The production of What the Butler Saw by the Westport County Playhouse is fabulous. Veteran director, John Tillinger (who has worked with everyone in the business and has a longer resume than the Mississippi — see our interview) has done an absolutely masterful job of creating a quintessential Orton – or, as it is formally known, Ortonesque which is sometimes used to refer to work characterized by a similarly dark, yet farcical cynicism. (I know that’s true because I took it off the internet). Mr. Tillinger’s experience can not only be seen in the exquisite staging, blocking, and pacing of the play, but in the wonderful performances he extracted from the cast.
And speaking of the talented cast, they were simply wonderful — not a spanner in the works, as the British would say.
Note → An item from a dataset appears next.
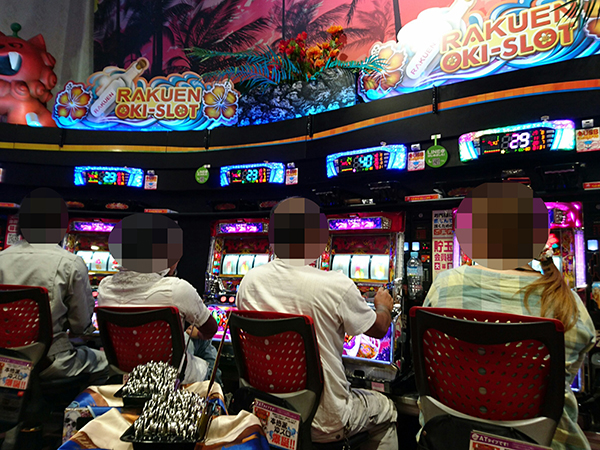 新台の「CRリング 終焉ノ刻」や「CRスーパー海物語IN沖縄4」なども人気。あちこちでプレイヤーの活躍が見られ、シマ全体に華やかな光景が広がっていた。

Robert Stanton as Dr. Prentice was spot-on as the hapless psychiatrist who lets his id out of control and as Shakespeare said, “Therein lies the rub.” Chris Ghaffari (whom we loved as Romeo in Romeo & Juliet) was both hilarious and charming as the hunky Nicholas Beckett. Mr. Ghaffari also proved that nimble streaking is a prominent tool in his arsenal of talents. Stage and film actress Patricia Kalember was ravishingly delightful as the ravaged Mrs. Prentice. Her comedic timing was in perfect sync with her fellow actors (see our interview). Julian Gamble as Sergeant Match and Sarah Manton as Geraldine Barclay brought their formidable acting chops to two versatile roles that vacillated between serious and seriously over the top (but in the best way possible). Finally, Paxton Whitehead, who like Mr. Tillinger, has a resume to die for, was brilliantly engaging as Dr. Rance.
The realistic set served as a nice counterpoint to the zaniness that occurred on stage. Kudos to Scenic Designer James Noone.
As I’ve noted in other reviews, I’m a smiler and maybe a chuckler at times. But I must admit, I was guffawing and even belly laughing. The jokes were flying fast and furious. One barely had time to recover, before Orton’s sharp wit would strike again.
The trick with farce – and this is why the actors and director John Tillinger are so good at it – is that they all play it straight – as if they didn’t know it was a farce. In such a complicated plot with complex language, it’s easy for an actor and/or director to cross the line where jumping the shark can be commonplace and then the farce stops being a farce and becomes a flop. That is far from the situation here. The laughs are organic and come naturally without a hint of being forced or strained.
Joe Orton’s work should always be seen when possible. But this particular production is a keeper and should not be missed.